China Unicom late last month announced a multi-year deal to sell the trendy smartphone in the world's largest mobile market of more than 700 million subscribers, starting in the fourth quarter of 2009.
Unicom beat China Mobile to the punch, putting an end to years of on-off negotiations between the US high-tech giant and the world's biggest cell phone operator, but experts say customer excitement has waned during the stalemate.
"You're not likely to see any long lines here," said Zhang Guoren, an editor for CNMO.com, a leading Chinese mobile phone review site.
"They just took too long," said Shaun Rein, head of the Shanghai-based China Market Research Group.
"The iPhone is coming and people don't seem to care much."
Part of the problem is that iPhones have been flooding into China since their US launch, even though Apple was not selling them.

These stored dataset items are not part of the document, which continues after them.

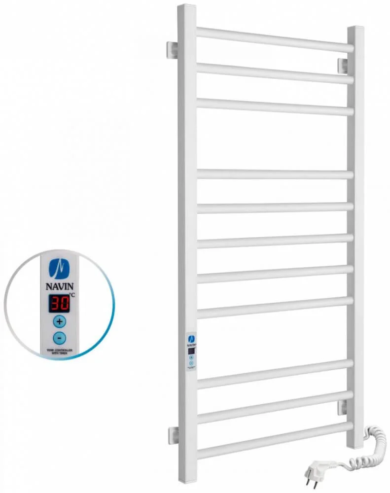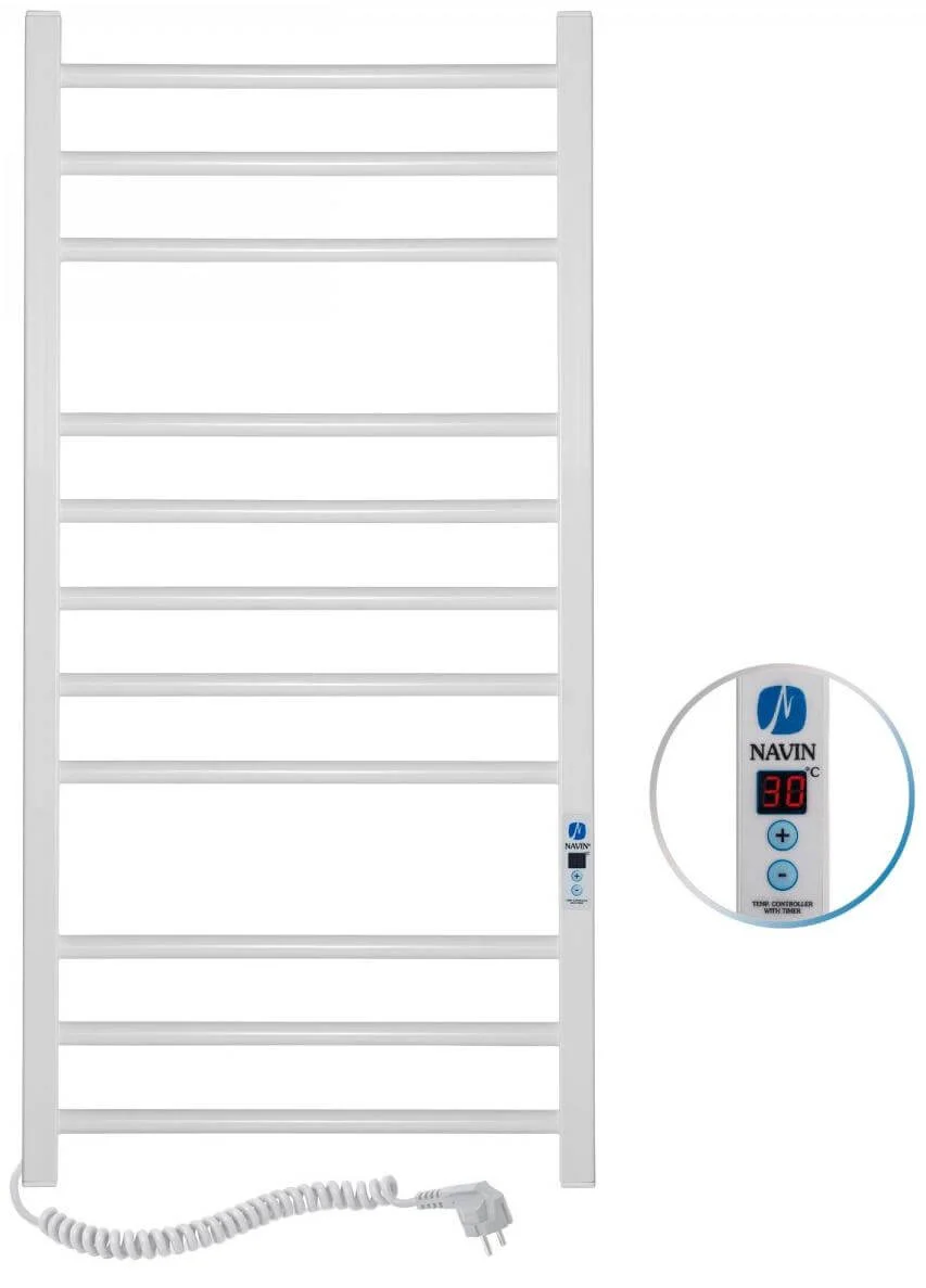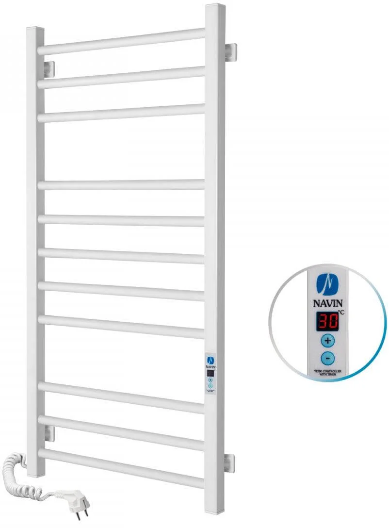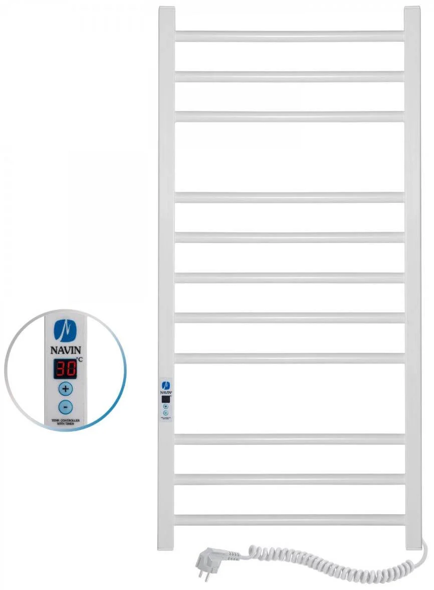 Модель оснащена високотехнологічним саморегульованим нагрівальним кабелем власного виробництва Navin, який вирізняється високою надійністю та ефективністю. Вбудований блок керування Digital дозволяє точно регулювати потужність рушникосушки та використовувати функцію таймера для програмування часу роботи. Кнопка увімкнення з індикаторною підсвіткою розташована безпосередньо на виробі, що забезпечує зручність керування.
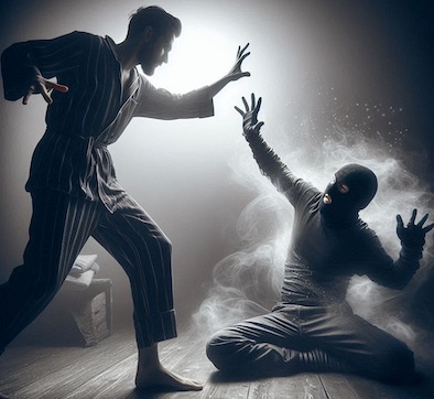 | Le 9 Juillet : Je vais me coucher à 22H10 et je m'endors vite... R1 : Je suis peut-être en sommeil lent car mon rêve ressemble plus à des pensées qu'à une scène immersive... "On" me racontre qu'un homme s'est infiltré dans une secte pour l'espionner mais qu'il s'y est laissé endoctriner... Une dame m'explique de façon naïve comment font les faux gourous pour endoctriner les gens. (...) R2 : Ce rêve ressemble plus à des pensées et des rêveries de sommeil lent qu'à un vrai rêve... J'imagine une histoire... Deux bandits se sont introduit chez moi et m'ont ligoté. L'en d'eux veut v.... ma compagne. Je me dis que je pourrais essayer d'utiliser les pouvoirs dont je dispose dans les rêves lucides. Peut-être que ça marcherait même si je suis dans le monde réel. Je claque des doigts... et l'un des bandits se retrouve paralysé. Je claque des doigts et celui qui agressait ma campagne se trouve paralysé également. Je tends ma main vers lui et claque des doigts de l'autre main et le voilà agité de violents tremblements et se met à hurler, en proie à une terrible douleur dans son torse. J'attends un peu puis je fais cesser son tourment. Je claque ensuite à nouveau des doigts et voilà qu'il ne peut plus respirer. Je claque des doigts et la même chose arrive à son complice. Je les laisse suffoquer ainsi pendant quelques temps puis je les laisse reprendre leur souffle. Et je leurs fais remarquer que j'aurai pu les laisser mourir si je l'avais voulu. Ils se mettent à genoux devant moi et crient "pitié, me suppliant de les épargner. R3 : Un homme assez âgé m'explique de manière naïve comment font les hommes politiques pour nous manipuler. Il fait de la main le geste d'une tenaille se refermant sur nous et dit : "Ils disent de belles paroles pour nous embobiner !" Je me réveille. Il est 2H45. HH : Une voix m'explique : "Dans ce magasin on peut acheter des xxxxx avec la possibilité d'avoir une AOU !"... Je sais qu'une "AOU" est une corde spéciale pour le tir à la corde. Il est 4H45. Note : Cette nuit j'ai eu l'impression d'être bien plus souvent en sommeil lent qu'en sommeil rem.
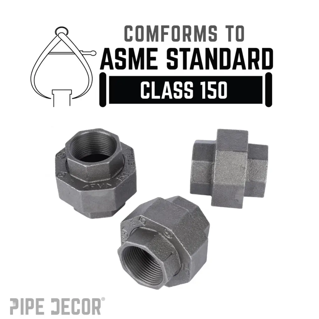 Add an industrial edge to your DIY projects with a union fitting. This piece allows for sophisticated pipe design by enabling you to create a perfect loop, as seen in our Loop coffee table. Without the union, it would be impossible to fully connect a loop of pipe. Our fittings are made from durable, industrial-grade malleable iron. They are 100% authentic and built to stand the test of time. You will know PIPE DECOR parts and accessories when you hold them—beauty and beast, strength and style. These are real industrial fittings for your decorations and designs. Accept no substitutes. Extra pieces and accessories are available for your custom projects and expansions. Plug and play as desired. Perfect for any DIY project, our iron fittings complement a variety of looks and aesthetics, including steampunk lighting, industrial, factory, French country farmhouse, vintage, retro, reclamation, DIY customized, modern, and more. We recommend cleaning and sealing each fitting before use. IPS threads offer compatibility with other project materials such as lamp parts, valves, and more. They are compatible with any pipes, fittings, and PIPE DECOR furniture kits.
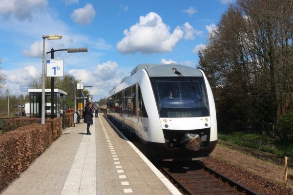 Een gereviseerde LINT te Geerdijk, kenmerkend met de blauwe uitstraling die bepalend is voor de Vechtdallijn. Foto: Ariën Claij
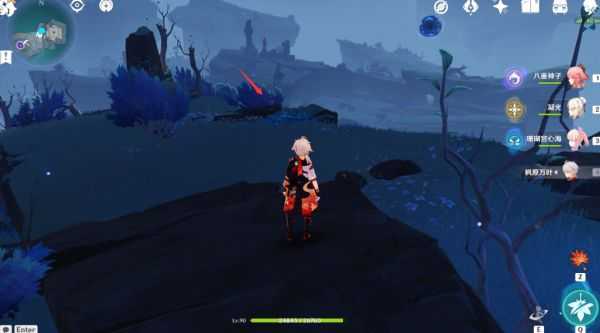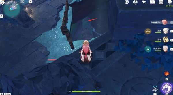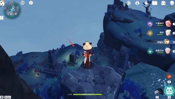 3.狭间之街传送点转东方向视角,对着大石头左手边一直冲刺,路过火深渊法师,看到一株薄荷和丘丘人图腾,图腾左手边跳下去回头看即可,此处3个水晶矿
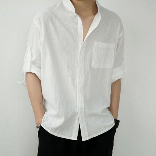 데일리 캐주얼 남성 여름 차이나 카라 린넨 7부 셔츠
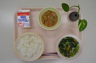 給食では形は見当たらないけど、よく使われている物があります。今日の給食にも入っています。味と匂いで何が使われているか分かりますか?答えはにんにくとしょうがです。しょうが焼きにはしょうが、スタミナ汁にはにんにくが入っています。にんにくやしょうがは菌をやっつける効果もあります。また、魚や肉の臭みを取るので下ごしらえにも使われます。また、消化や吸収を助けてくれたり、食欲がなくなった時に食欲がでるように助けてくれたりもします。すごいですね。にんにくとしょうがを食べて食欲モリモリになりましたか?

Beijing-based high-tech consultancy BDA says more than 1.5 million smuggled handsets are in use here.
Several analysts say they expect the iPhone "gray market" to continue thriving because Apple and China Unicom will – at least initially – sell a stripped-down version without its WiFi function to meet government demands.
During the Apple-Unicom negotiations, Beijing in May agreed to allow mobiles with WiFi if they used the homegrown WAPI standard, allowing Motorola to get a jump on Apple with the launch of its touch-screen Motosurf phone, BDA said.
But China Unicom chairman Chang Xiaobing is optimistic about sales, as most bootleg iPhones available here are 2G models, not the 3G model soon to hit Apple stores.